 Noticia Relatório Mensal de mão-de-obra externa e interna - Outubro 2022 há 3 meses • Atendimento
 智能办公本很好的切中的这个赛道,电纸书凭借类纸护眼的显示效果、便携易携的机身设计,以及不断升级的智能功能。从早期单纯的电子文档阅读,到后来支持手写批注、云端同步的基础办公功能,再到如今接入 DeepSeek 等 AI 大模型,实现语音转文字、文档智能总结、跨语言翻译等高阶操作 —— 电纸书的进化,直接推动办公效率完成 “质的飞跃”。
---
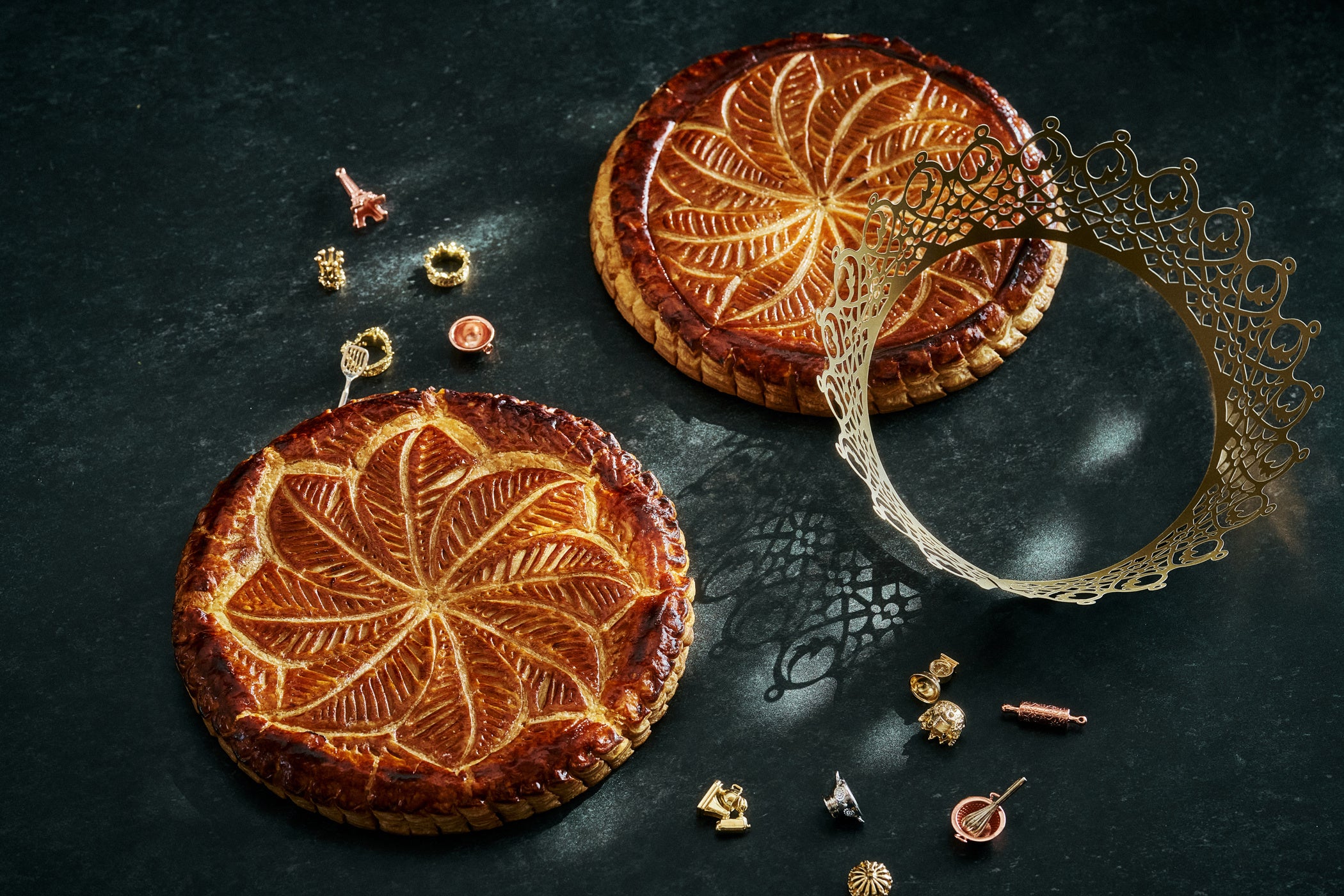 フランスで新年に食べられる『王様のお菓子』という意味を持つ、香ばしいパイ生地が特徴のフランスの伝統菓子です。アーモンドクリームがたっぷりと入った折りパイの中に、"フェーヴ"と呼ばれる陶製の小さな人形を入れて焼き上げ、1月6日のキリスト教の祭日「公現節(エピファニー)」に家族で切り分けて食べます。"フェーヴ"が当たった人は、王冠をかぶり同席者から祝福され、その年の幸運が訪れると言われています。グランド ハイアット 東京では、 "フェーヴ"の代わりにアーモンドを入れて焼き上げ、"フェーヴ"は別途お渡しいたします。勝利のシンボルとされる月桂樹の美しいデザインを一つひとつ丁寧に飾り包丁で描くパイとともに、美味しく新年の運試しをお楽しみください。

* _WORK TASK_
Retype, in the same exact form, the lines of the material above from the line holding "Noticia Relatório Mensal" through the line holding "DeepSeek 等 AI".

* _ANSWER AREA_
 Noticia Relatório Mensal de mão-de-obra externa e interna - Outubro 2022 há 3 meses • Atendimento
 智能办公本很好的切中的这个赛道,电纸书凭借类纸护眼的显示效果、便携易携的机身设计,以及不断升级的智能功能。从早期单纯的电子文档阅读,到后来支持手写批注、云端同步的基础办公功能,再到如今接入 DeepSeek 等 AI 大模型,实现语音转文字、文档智能总结、跨语言翻译等高阶操作 —— 电纸书的进化,直接推动办公效率完成 “质的飞跃”。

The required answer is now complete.